What is expected |
Each line from the one bearing "Greysia POLII/Apriyani RAHAYU" through the last line of the entries below should be returned exactly, with pictures left out.

Listed entries |
================================

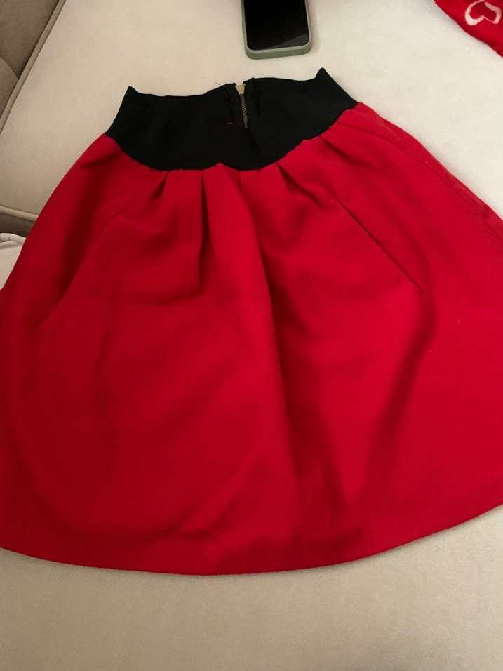 Siyah bel bandı ve canlı kırmızı renkte, pilili, bol kesim hamile eteği. Yumuşak ve sıcak kumaştan, günlük kullanıma uygun.
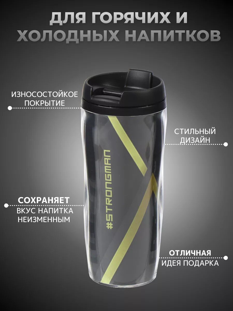 Объем — 0.38 л (округленно 0.4 л), горловина широкая, крышка с отверстием для питья. Это удобно для питья на ходу и предотвращает проливание напитка.
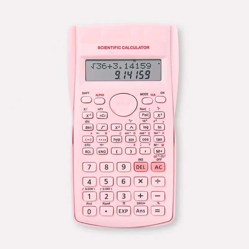 Kalkulator Ilmiah SinCosTan 240 Fungsi Layar LCD HD Baterai L1131 – Pink
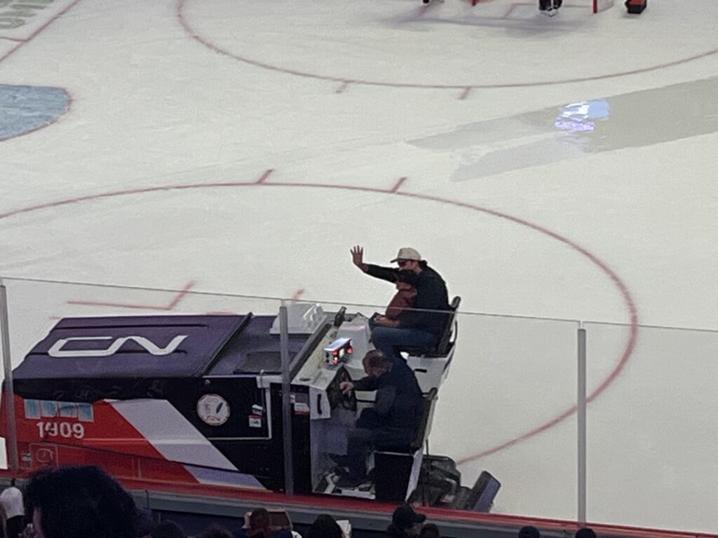 Each period there were different people riding shotgun on the Zamboni; mostly kids, but this guy had a blast (he also had a kid on his lap for show)
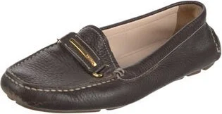 Prada Leather Loafers Brown Round-Toes Designer Fit: Flats by Prada typically run a half size small. Unfortunately, due to restrictions, this item may not be eligible for shipping in all areas. Read more
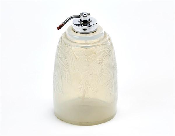 René Lalique Portaprofumo in vetro bianco opalescente soffiato in stampo con dec
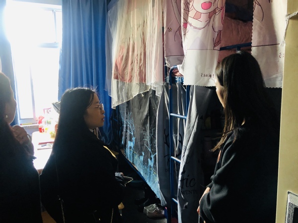 李耀荣书记和各位团学办老师带领随行人员在十二号楼下集合,分为三组后对不同的宿舍楼展开检查。本次查宿活动在慰问大一新生的同时着重对大三员工寝室卫生情况和整洁程度进行仔细检查。活动过程中,李耀荣书记叮嘱同学们床铺、书桌需保持干净整洁。相对来说绝大部分宿舍卫生干净整洁,物品摆放整齐,地面干净,空气清新,给人温馨舒适的感觉。同学们也十分重视查宿工作,但个别宿舍仍有垃圾堆放、不叠被子、桌面物品摆放不整齐等现象。针对这种现象,彭兰玲老师对宿舍长及成员进行了批评教育,希望以后杜绝这种行为的出现,营造一个舒适的环境。宿舍是同学们温馨的家园、幸福的港湾,为此我们应该积极营造健康良好的宿舍氛围,创造整洁舒适的宿舍环境,真正将宿舍文明落实到日常生活中。
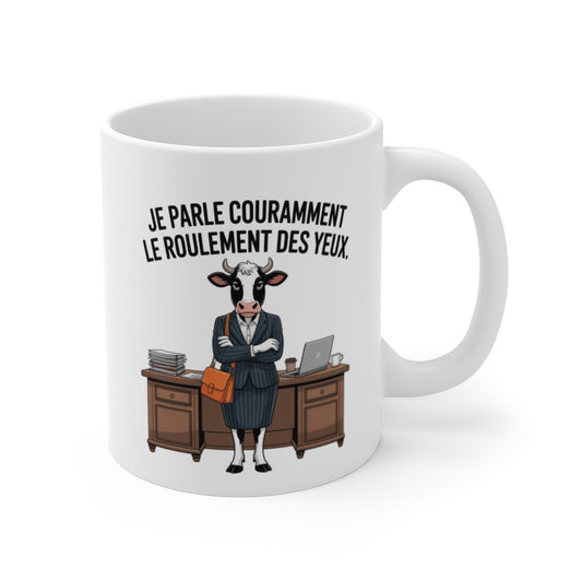 Mug Humour Vache Je parle couramment le roulement des yeux Idée Cadeau Drôle pour Collègues, Bureaux, Chefs Sarcastiques
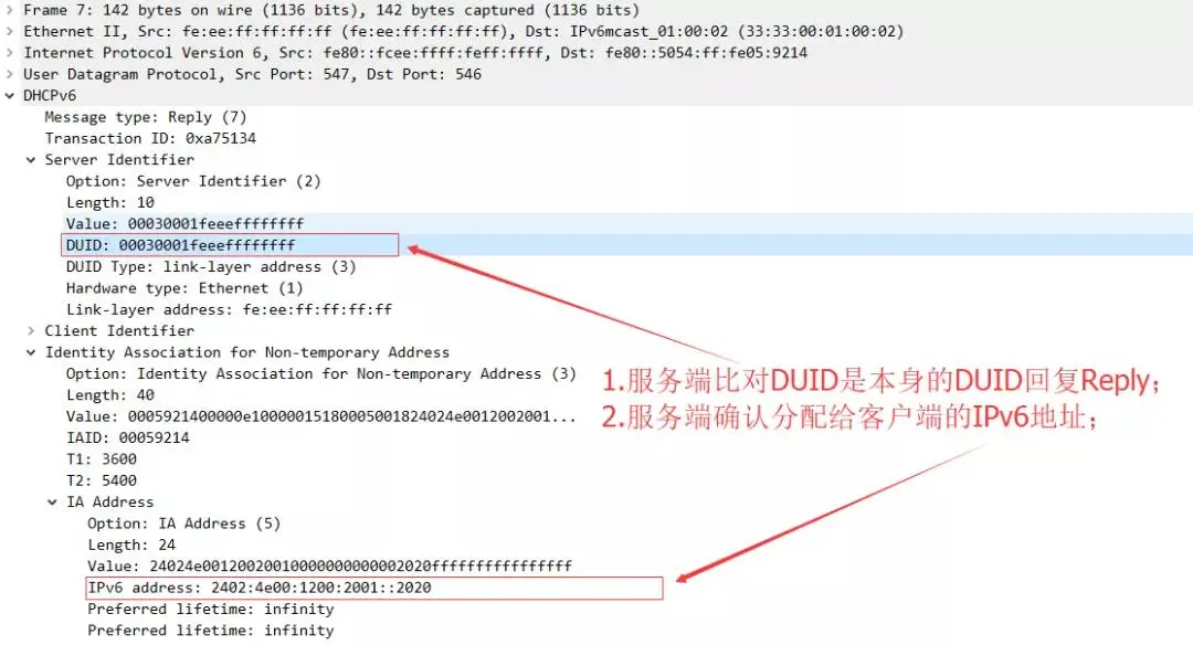DHCPv6 服务器发送携带了地址和配置信息的Reply消息来回应从 DHCPv6 客户端收到的Solicit、Request、Renew、Rebind报文。
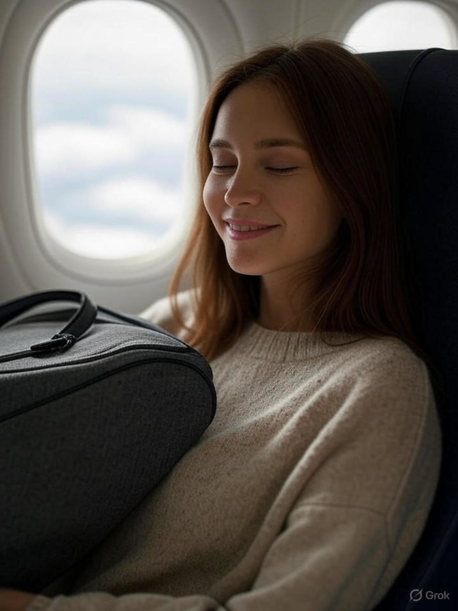 Młoda kobieta o słowiańskiej urodzie, około 35 lat, z kasztanowymi włosami i delikatnymi rysami twarzy, relaksująca się w samolocie podczas lotu. Siedzi wygodnie w fotelu, opierając głowę na ergonomicznej poduszce podróżnej w kształcie litery U w subtelnym beżowym kolorze, z zamkniętymi oczami i spokojnym uśmiechem na twarzy, wyglądając na wypoczętą i promienną. W tle widoczne okno samolotu z chmurami, a na kolanach ma stylową torbę podróżną. Ilustracja w ciepłych, relaksujących tonach, realistyczna, bezpieczna dla wszystkich odbiorców.
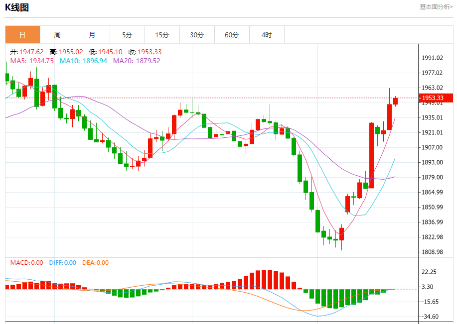 周四盘中,现货黄金报1956.56,涨幅0.47%。 今日分析:在1938.00之上,看涨,目标价位为1956.00,然后为1962.00。 技术点评:RI技术指标运行趋势复杂,倾向于上升。 支撑位:1938.001931.001924.00 阻力位:1969.001962.001956.00 (亚汇网编辑:
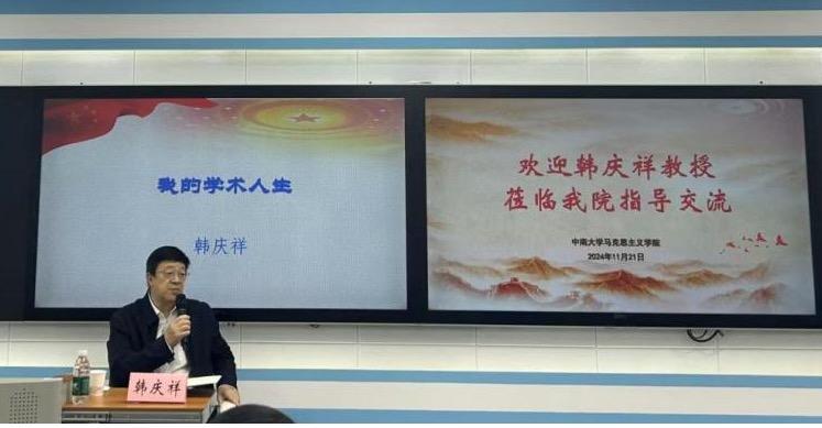 韩庆祥教授首先介绍了自己的求学经历,他从学术使命、学术目标、学术执念和学术生命四个维度讲述了做学问的精神。在他看来,学问精神至少包含厚积薄发、心无旁骛和学术追求三个方面,其中学术追求尤为重要,要求学者搞学问不能闭门造车,而要密切关注国家的发展现状,回应人民的所期所盼。其次,韩教授以自身做学问的经历为例,与大家分享了做学问的境界。于他而言,学术研究既是一份谋生的职业,更是一份热爱的事业。韩教授将自己所有的学术成果凝练为“马克思主义开辟的各自道路”这一主题,并强调自己坚持一以贯之的用哲学思考问题、用学术支撑思想、用理论引领发展和用学术滋养政治的学术风格。随后,韩教授向在座师生讲解了自己学问的方法,围绕问题导向、文献资源、分析框架、原创观点等多个方面出现的常见问题和解决方法展开交流。同时,韩教授还回顾了自身做学问的历程,将自己的学术人生划分为马克思哲学的实践生成论等九个阶段,并简要提及各节点的缘由和各阶段的代表性成果,尤其是与大家分享了自己关于文化与文明的最新研究成果。最后,韩教授简要介绍了自己做学问的成就,并鼓励在座师生将潜心问道与关注社会相统一,做经得起时间考验的学问。
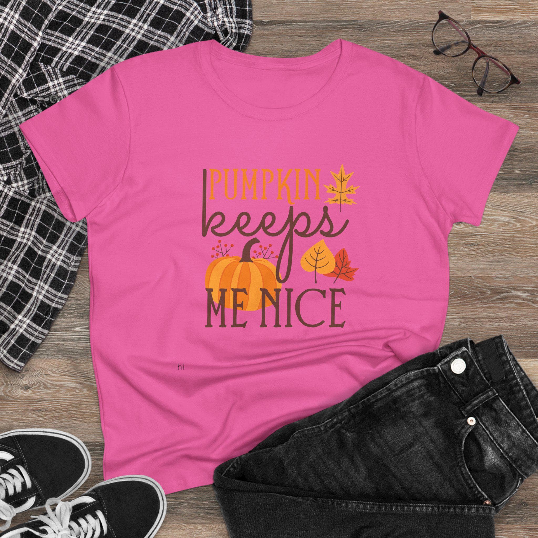 This Women's Midweight Cotton Tee combines comfort and style, making it an essential addition to any wardrobe. With its playful pumpkin design, this tee embraces the cozy vibes of autumn, perfect for lovers of fall festivities. Ideal for casual outings, cozy family gatherings, or pumpkin spice coffee dates, it brings warmth and charm to any occasion. Whether you're celebrating Halloween, Thanksgiving, or just enjoying the beauty of the season, this shirt makes a delightful gift for friends and family who appreciate seasonal fashion. It's perfect for those who cherish comfort without compromising style.
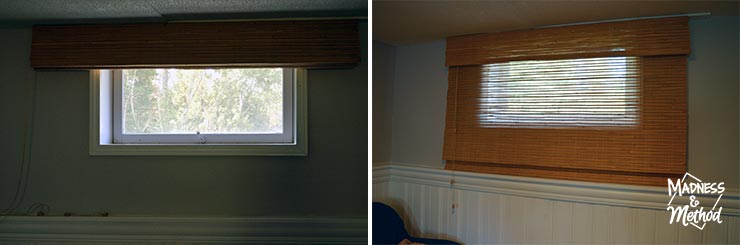 Our two smaller windows (one in is the basement living room part, the other in the laundry room) were a bit narrower (but taller) than the other ones, so I figured I would use these as my “real blind” windows. I measured how much length I needed for each window, and cut my bamboo blinds once, giving each window a bit of extra length.
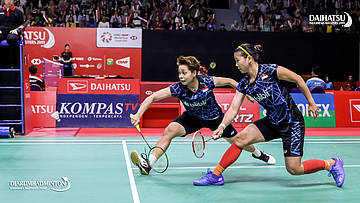 Greysia POLII/Apriyani RAHAYU ((Indonesia) berusaha menyambut serangan
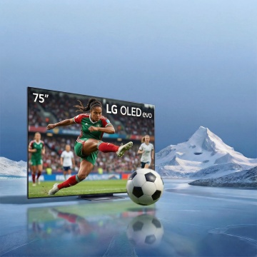 一个现代简约风格的客厅场景,阳光透过巨大的落地窗洒入,木地板泛着温暖的光泽,浅灰色的布艺单人沙发搭配黑色皮质脚凳,原木色的电视柜上放置着一台超薄智能电视,电视屏幕上显示着一个宁静的湖泊日落景色,湖面上有一艘小船,远处是连绵的山峦和橙红色的晚霞,天空中飘着几朵云彩,电视下方的应用图标清晰可见,电视柜上摆放着两个简约的黑色陶瓷花瓶,窗外可以看到城市的远景和山脉轮廓,整体氛围明亮、通透、舒适,具有高度的真实感和细腻的光影表现,光线从画面右侧窗户射入,在地面和家具上形成柔和的阴影和高光,色彩以原木色、灰色、白色为主调,搭配屏幕上日落的暖色调,构成和谐统一的现代家居美感。
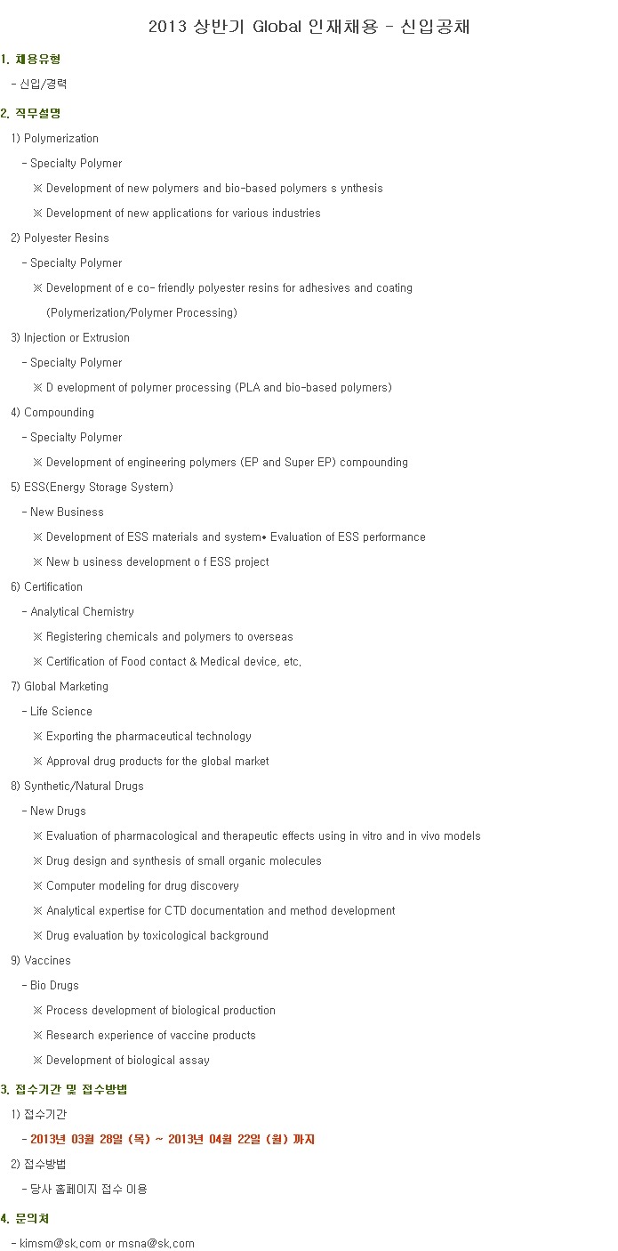 SK케미칼 채용ㅣSK케미칼 2013 상반기 Global 인재채용 공고 및 채용정보 + SK케미칼 연봉정보(~4/22)
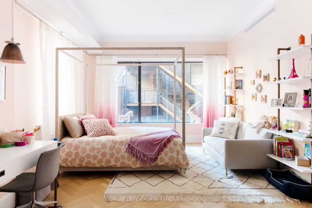 O quarto da filha une romantismo e modernidade. Paredes em rosa claro contrastam com cortinas tie-dye. A cama com dossel traz um design contemporâneo.

================================

Exercise solution |
 Greysia POLII/Apriyani RAHAYU ((Indonesia) berusaha menyambut serangan
 一个现代简约风格的客厅场景,阳光透过巨大的落地窗洒入,木地板泛着温暖的光泽,浅灰色的布艺单人沙发搭配黑色皮质脚凳,原木色的电视柜上放置着一台超薄智能电视,电视屏幕上显示着一个宁静的湖泊日落景色,湖面上有一艘小船,远处是连绵的山峦和橙红色的晚霞,天空中飘着几朵云彩,电视下方的应用图标清晰可见,电视柜上摆放着两个简约的黑色陶瓷花瓶,窗外可以看到城市的远景和山脉轮廓,整体氛围明亮、通透、舒适,具有高度的真实感和细腻的光影表现,光线从画面右侧窗户射入,在地面和家具上形成柔和的阴影和高光,色彩以原木色、灰色、白色为主调,搭配屏幕上日落的暖色调,构成和谐统一的现代家居美感。
 SK케미칼 채용ㅣSK케미칼 2013 상반기 Global 인재채용 공고 및 채용정보 + SK케미칼 연봉정보(~4/22)
 O quarto da filha une romantismo e modernidade. Paredes em rosa claro contrastam com cortinas tie-dye. A cama com dossel traz um design contemporâneo.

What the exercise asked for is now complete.